Oder: Warum ich es für verfrüht halte, Threema für Textsecure/Signal aufzugeben, wie es Ulf Buermeyer bei netzpolitik.org fordert.
tl;dr: Textsecure/Signal sind zwar Open Source, aber die App funktioniert praktisch nur mit Verwendung der eigenen Telefonnumer und Telefonbuchupload. Es gibt außerdem kein tragbares Geschäftsmodell.
Aber es ist doch Open Source?
Der Reihe nach: Gestern machte die Meldung die Runde, dass die App Signal in der Version 2.0 veröffentlicht wurde. Signal ist ein sogenannter Secure Messenger, also ein Chatprogramm, dass es ermöglicht zwischen zwei oder mehreren Smartphones verschlüsselt auszutauschen. Lesen können Sie also nur die Empfänge, aber nicht die Geheimdienste oder Telekommunikationsanbieter.

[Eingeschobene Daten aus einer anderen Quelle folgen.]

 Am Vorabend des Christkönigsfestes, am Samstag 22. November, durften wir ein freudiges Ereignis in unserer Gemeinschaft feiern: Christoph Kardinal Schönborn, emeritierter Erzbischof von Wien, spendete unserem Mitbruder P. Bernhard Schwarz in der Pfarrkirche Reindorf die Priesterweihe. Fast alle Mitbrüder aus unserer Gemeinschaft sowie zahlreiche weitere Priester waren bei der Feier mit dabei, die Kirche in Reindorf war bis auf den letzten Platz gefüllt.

Signal hatte schon immer einen großen Vorteil: Es ist Open Source. Das ist bei Crypto-Software relativ wichtig, weil man nur so nachvollziehen kann, ob die Verschlüsselung wirklich funktioniert. Und es hatte lange einen entscheidenden Nachteil: Signal ist eine iOS-only Software.
Es gibt ein Gegenstück auf Android, das Textsecure heißt, aber die beiden Apps konnten nicht miteinander reden. Bis jetzt, denn mit Version Signal 2.0 können iOS- und Android-Nutzer auch verschlüsselt miteinander chatten.

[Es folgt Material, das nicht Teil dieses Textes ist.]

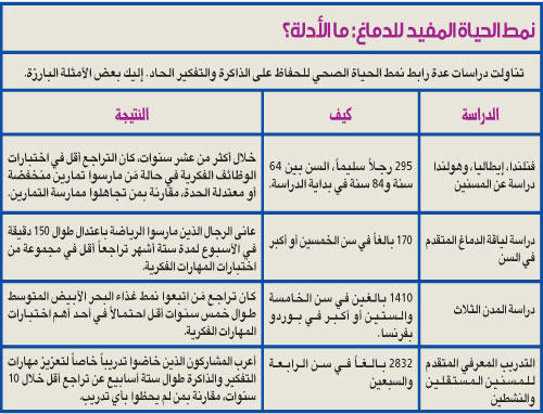 ولكن إن أردت أن تبذل جهوداً إضافية لتفادي فقدان الذاكرة، فعليك أن تنظر إلى الصورة الكاملة. يوضح الدكتور هسو: {لا يقتصر الأمر على التمرن والغذاء، بل يجب أن تكون أيضاً نشيطاً فكرياً واجتماعياً. لا يساعد هذا ذاكرتك فحسب، بل مزاجك أيضاً}.على سبيل المثال، تخيل أنك تجري حواراً حماسياً مع الأصدقاء في مناسبة اجتماعية، ثم تقومون للرقص. لا شك في أن هذا أكثر فائدة بكثير من الجلوس من دون حراك طوال ساعة وأنت تتسلى بلعب تدريب الدماغ على جهاز الكمبيوتر. يقول الدكتور هسو: {عش حياة غنية، فتغذي بالتالي دماغك}.ماذا يقول العلم؟تصوغ الحياة التي تعيشها الدماغ الذي يرافقك فيما تتقدم في السن. ولا تستند هذه الفكرة إلى المنطق، بل تدعم أبحاث كثيرة هذا المبدأ. قام الدكتور هسو وزميله الدكتور غاد مارشال، بروفسور مساعد متخصص في علم الأعصاب في كلية الطب في جامعة هارفارد، أخيراً بجردة شاملة عن أفضل الأبحاث العلمية حتى اليوم عن الوقاية من مرض الألزهايمر. لاحظا أن عشرات الدراسات المنشورة التي تأملوا فيها تقدم فيضاً من الأدلة عن أن نمط الحياة يسهم بشدة في الحد من خطر فقدان الذاكرة.ولكن ثمة تحذير مهم. اكتفى معظم الدراسات الكبيرة والطويلة على مراقبة مجموعات من الناس على مر الوقت لمعرفة مَن يعيش حياة صحية ويتمتع أيضاً بمهارات فكرية. لكن هذه الدراسات التي تقوم على المراقبة لا يمكنها أن تثبت على نحو قاطع أن نمط الحياة يحافظ على وظائف الذاكرة.تكشف التجارب السريرية العشوائية المضبوطة الأسباب، وثمة مثال ممتاز واحد وارد في المنشورات الطبية. يُدعى هذا المثال دراسة لياقة الدماغ المتقدم في السن. تناولت الدراسة تأثير التمرن في وظائف الدماغ في حالة 170 شخصاً في الخمسين من عمرهم أو أكبر سناً. بدأ المشاركون في الدراسة بملاحظة التغييرات في ذاكرتهم، إلا أنهم ظلوا ضمن المدى الطبيعي عند إجراء الاختبارات. اختير نصفهم عشوائياً للقيام بثلاث جلسات من التمارين المعتدلة أسبوعياً (المشي عادةً) مدة كل منها 50 دقيقة طوال ستة أشهر. نتيجة لذلك، تحسنت نتائجهم في مجموعة من اختبارات المهارات الفكرية.أسس صحة الدماغ ولكن عند النظر إلى صحة الدماغ عموماً، تشير الأبحاث إلى توجيهات منطقية:• حد من المخاطر القلبية الوعائية: حافظ على ضغط دم صحي، كما ينصحك طبيبك. أبقِ معدل الكولسترول ضمن المدى المحدد.• تناول غذاء صحياً: يكون معظم أنظمة الغذاء الصحية غنياً بالفاكهة والخضروات، مع كمية محدودة من اللحوم والنشويات المعالجة، مثل الخبز، المشروبات المحلاة بالسكر، والحلوى.• تمرن بانتظام: يبلغ المقدار الحالي الموصى به راهناً 150 دقيقة من التمارين الجسدية المعتدلة الحدية أسبوعياً. وتشمل هذه المشي، التمارين في صالة الرياضة، والنشاط الجسدي خلال العمل أو في أوقات الفراغ.• أبقِ دماغك منشغلاً. تُعتبر الهوايات، المطالعة، وغيرهما من نشاطات تحفز الدماغ وسيلة تحفيز فكري. ولا شك في أن قاعدة «استخدمه أو تخسره» صحيحة.• ابق نشيطاً اجتماعياً. يتمتع مَن يظلون على اتصال مع عائلتهم، الأصدقاء، والمجتمع بصحة أفضل.• يعود نمط الحياة الذي يعزز لياقة الدماغ بفائدة كبيرة على الرجال الذين يواجهون خطر الإصابة بنوبة قلبية أو سكتة دماغية. يذكر الدكتور هسو: {المفيد للدماغ مفيد أيضاً للقلب. ثمة تداخل كبير بين فقدان الذاكرة وبين الأمراض القلبية الوعائية}.أخيراً، لا يقلل البقاء حاد الذهن التقدم في السن فحسب، بل يعزز تفادي داء الألزهايمر، السبب الرئيس للخرف بين المسنين. من حسن الحظ أن أنماط الحياة الصحية ذاتها التي تسهم في الحفاظ على المهارات الفكرية عموماً ترتبط أيضاً بالحد من خطر الخرف.

Aber gab es da nicht schon was? Dieses Threema?
In der Tat: Threema ist ebenfalls ein Secure Messenger und etwas besonderes geschafft hat. Threema war die erste App, die verschlüsseltes Nachrichtenverschicken in einer bedienbaren und leicht verständlichen Form für Smartphones umsetzte. Die App funktioniert sogar ganz ohne die Verwendung von Telefonnummern und man wird auch nicht gezwungen diese hochzuladen.

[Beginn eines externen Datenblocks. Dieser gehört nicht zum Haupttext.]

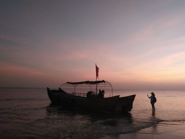 酒店出来5分钟就到海边,早晨,日出的时候沙滩还见到一些生活垃圾在沙滩上感觉这里再不保护一下可能就不行了吧。运气一般没看到很美的日出,但是有幸还是看到了,一丁点日出啊。

Aber Threema hat einen entscheidenden Nachteil: Es ist nicht Open Source. Der Quellcode der Komponente, die für die Verschlüsselung sorgt, ist zwar verfügbar, aber man kann sich nicht endgültig sicher sein, was in der App steckt. Ein Umstand, den wir schon vor zwei Jahren in einem Interview mit Manuel Kasper von Threema bemängelt hatten.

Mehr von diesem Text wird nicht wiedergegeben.